ASSIGNMENT: Having located "Record. | |||||" in the listing below, write out its line and every following line exactly, last line included, without the pictures.

DATA EXCERPT:
--------
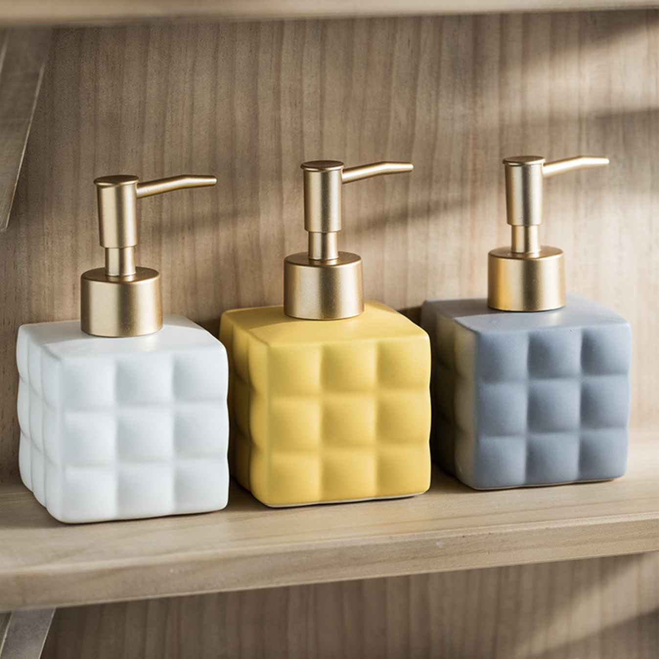 With a beautiful finish that goes with just about any decor, the elegant soap dispensers can also be used as lotion dispensers or sanitizer dispensers as well. The ceramic dispenser has a non-porous composition that makes it sturdy and worthy of use on a regular basis. The size of the dispensers makes them suitable to be stored on the bathroom shelves or bathroom and kitchen counters. Bathroom accessories such as dispensers, soap dishes, tumblers, and toothbrush holders can make one of the easiest ways of giving the bathroom space a makeover. The easy-to-use dispenser features a quirky texture that adds to it the glam factor!
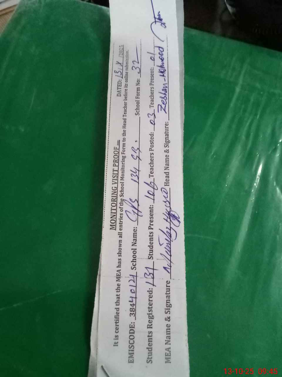 | Certified that this School was Inspected by the Undersigned MEA/DMO Today and the Information Stated Above is as Per Record. | |||||
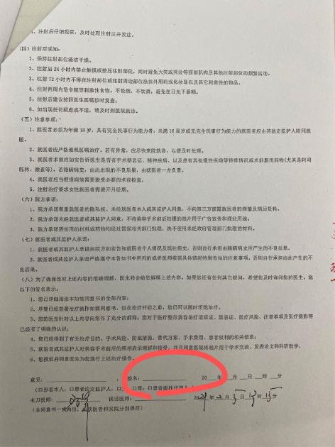 黄女士表示,在注射前,院方没有向自己出具任何关于胶原蛋白注射的风险提示和注意事项告知,自己完全不知道可能出现皮肤坏死,结痂,脱皮,感染以及形成浅表瘢痕等严重后果。如果事前有风险说明,她完全没必要尝试此高风险的美容方式,将严词拒绝注射胶原蛋白。
--------
TASK RESULT:
 | Certified that this School was Inspected by the Undersigned MEA/DMO Today and the Information Stated Above is as Per Record. | |||||
 黄女士表示,在注射前,院方没有向自己出具任何关于胶原蛋白注射的风险提示和注意事项告知,自己完全不知道可能出现皮肤坏死,结痂,脱皮,感染以及形成浅表瘢痕等严重后果。如果事前有风险说明,她完全没必要尝试此高风险的美容方式,将严词拒绝注射胶原蛋白。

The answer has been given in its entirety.